I'd have to go with Vanilla Sky too.

And the Omen; I'm not sure which number it is, but it's the one where ligns show up on photos and things. Then the people get killed by something cutting through that body part. The church spire and the sheet of glass are by far the most grotesque. *eeeew* That left me freaked out for weeks.

And after watching 'The Exorcism of Emily Rose' I kept waking up at exactly 3am, that scared the bejeebus out of me.


----------



## Guest (May 10, 2007)

suz said:


> I kept waking up at exactly 3am


You know I wake up at 3am every night, true :shock:

Greg


----------



## Guest (May 10, 2007)

I lost count how many times I yawned through that firm... lol, yes when that dude got TKOed by da sheet of glass... that was a winner.



suz said:


> the Omen; I'm not sure which number it is, but it's the one where ligns show up on photos and things. Then the people get killed by something cutting through that body part. The church spire and the sheet of glass are by far the most grotesque.


The film which effected me badly was "*The Ring*" (Yankee version)


----------



## Soma (Mar 29, 2006)

Carrie gives me the creeps, just because De Palma makes it look all garish and candy-coated with all that soft focus, saturated colour and ludicrous acting. Although Eraserhead or anything by Ken Russell tops that easily. I think it is definitely the over-acting which makes caricatures out of people. Which I find disturbing.


----------



## Soma (Mar 29, 2006)

suz said:


> And the Omen; I'm not sure which number it is, but it's the one where ligns show up on photos and things. Then the people get killed by something cutting through that body part. The church spire and the sheet of glass are by far the most grotesque. *eeeew* That left me freaked out for weeks.

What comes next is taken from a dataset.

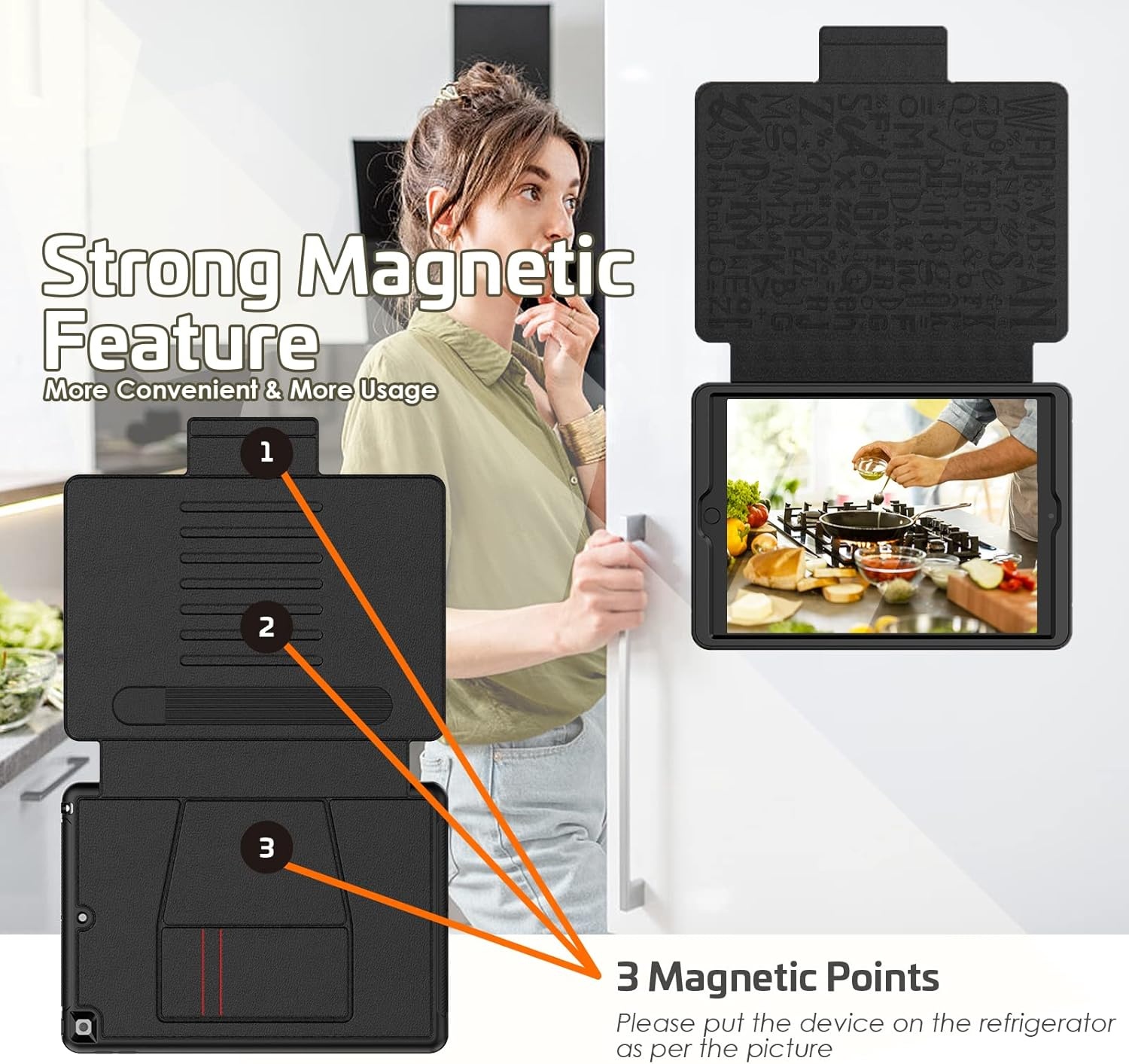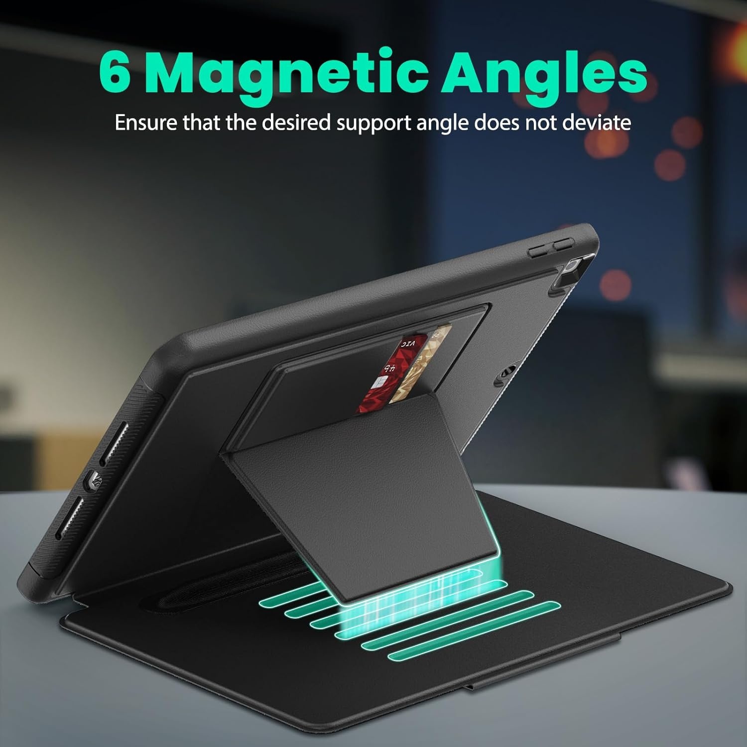 Multi-Angle Magnetic Stand: De ingebouwde magnetische standaard biedt verschillende kijkhoeken voor je iPad Hoes 5e, 6e, Air 1e, Air 2e Generatie - 9.7 inch (2017/2018). Of je nu films kijkt, videobelt of typt, je kunt de ideale positie vinden voor een comfortabele ervaring. De krachtige magneten zorgen ervoor dat de hoes stevig op zijn plaats blijft zonder te verschuiven.

A couple of the locations are near where I live and they still freak me out. Brookwood war graves is just round the corner as is Guildford Cathedral. Sorry - more pointless trivia - I go drinking where they filmed the pub scene in American Werewolf in London.


----------



## comfortably numb (Mar 6, 2006)

Memento is a pretty messed up movie as well. That is definatly a weird one.


----------



## suz (Mar 26, 2007)

Im still the same person said:


> You know I wake up at 3am every night, true :shock:
> 
> Greg


For real? Devil's gonna getcha boyo! Oooooh dear :lol:

I'm the biggest wimp when it comes to getting freaked out by films, but The Blair Witch didn't bother me in the slightest, was I missing something? Meh.


----------



## Guest (May 11, 2007)

I loved it, but honestly, 300 really fucked with my DP, especially the fact that i saw it in IMAX


----------